- Recorded data:
============================================================

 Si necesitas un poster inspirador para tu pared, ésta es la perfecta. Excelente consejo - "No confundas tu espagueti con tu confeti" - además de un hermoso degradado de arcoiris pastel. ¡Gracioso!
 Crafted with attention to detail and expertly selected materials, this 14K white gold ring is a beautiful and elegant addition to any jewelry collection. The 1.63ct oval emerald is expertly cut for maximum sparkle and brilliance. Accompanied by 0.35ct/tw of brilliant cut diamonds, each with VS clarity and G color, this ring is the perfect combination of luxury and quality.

============================================================

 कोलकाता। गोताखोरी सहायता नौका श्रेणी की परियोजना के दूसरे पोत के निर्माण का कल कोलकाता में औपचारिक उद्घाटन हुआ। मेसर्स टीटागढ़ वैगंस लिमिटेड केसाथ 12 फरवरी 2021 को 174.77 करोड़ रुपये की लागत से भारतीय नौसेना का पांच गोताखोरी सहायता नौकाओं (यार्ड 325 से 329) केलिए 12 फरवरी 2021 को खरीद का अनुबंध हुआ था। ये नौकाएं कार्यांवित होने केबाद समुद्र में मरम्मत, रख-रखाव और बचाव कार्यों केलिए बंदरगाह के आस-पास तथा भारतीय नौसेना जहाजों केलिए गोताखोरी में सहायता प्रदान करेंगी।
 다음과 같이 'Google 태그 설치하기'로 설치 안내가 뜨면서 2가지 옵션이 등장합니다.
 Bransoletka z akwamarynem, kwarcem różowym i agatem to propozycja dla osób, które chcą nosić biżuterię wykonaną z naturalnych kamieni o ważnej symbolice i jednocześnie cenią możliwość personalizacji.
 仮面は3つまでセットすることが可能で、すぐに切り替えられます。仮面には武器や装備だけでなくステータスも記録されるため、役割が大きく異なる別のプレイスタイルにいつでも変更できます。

============================================================

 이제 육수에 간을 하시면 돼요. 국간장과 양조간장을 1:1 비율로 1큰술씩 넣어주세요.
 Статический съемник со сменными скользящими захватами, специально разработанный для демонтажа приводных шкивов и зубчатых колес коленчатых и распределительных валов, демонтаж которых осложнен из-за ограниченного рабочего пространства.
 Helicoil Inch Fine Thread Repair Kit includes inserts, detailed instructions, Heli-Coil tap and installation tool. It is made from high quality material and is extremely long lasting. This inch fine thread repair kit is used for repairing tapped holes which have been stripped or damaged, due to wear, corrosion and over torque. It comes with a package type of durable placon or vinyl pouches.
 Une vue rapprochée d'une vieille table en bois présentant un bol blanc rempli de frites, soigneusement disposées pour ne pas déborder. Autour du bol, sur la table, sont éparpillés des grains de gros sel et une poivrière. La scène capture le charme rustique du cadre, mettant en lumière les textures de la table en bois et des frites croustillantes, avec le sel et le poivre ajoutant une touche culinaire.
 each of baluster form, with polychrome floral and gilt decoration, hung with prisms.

============================================================

- What you should do: Above are the records; from them, give again exactly the lines from the one containing "कोलकाता। गोताखोरी सहायता" to the one containing "다음과 같이 'Google", both lines included, and nothing more.

- Exercise answer:
 कोलकाता। गोताखोरी सहायता नौका श्रेणी की परियोजना के दूसरे पोत के निर्माण का कल कोलकाता में औपचारिक उद्घाटन हुआ। मेसर्स टीटागढ़ वैगंस लिमिटेड केसाथ 12 फरवरी 2021 को 174.77 करोड़ रुपये की लागत से भारतीय नौसेना का पांच गोताखोरी सहायता नौकाओं (यार्ड 325 से 329) केलिए 12 फरवरी 2021 को खरीद का अनुबंध हुआ था। ये नौकाएं कार्यांवित होने केबाद समुद्र में मरम्मत, रख-रखाव और बचाव कार्यों केलिए बंदरगाह के आस-पास तथा भारतीय नौसेना जहाजों केलिए गोताखोरी में सहायता प्रदान करेंगी।
 다음과 같이 'Google 태그 설치하기'로 설치 안내가 뜨면서 2가지 옵션이 등장합니다.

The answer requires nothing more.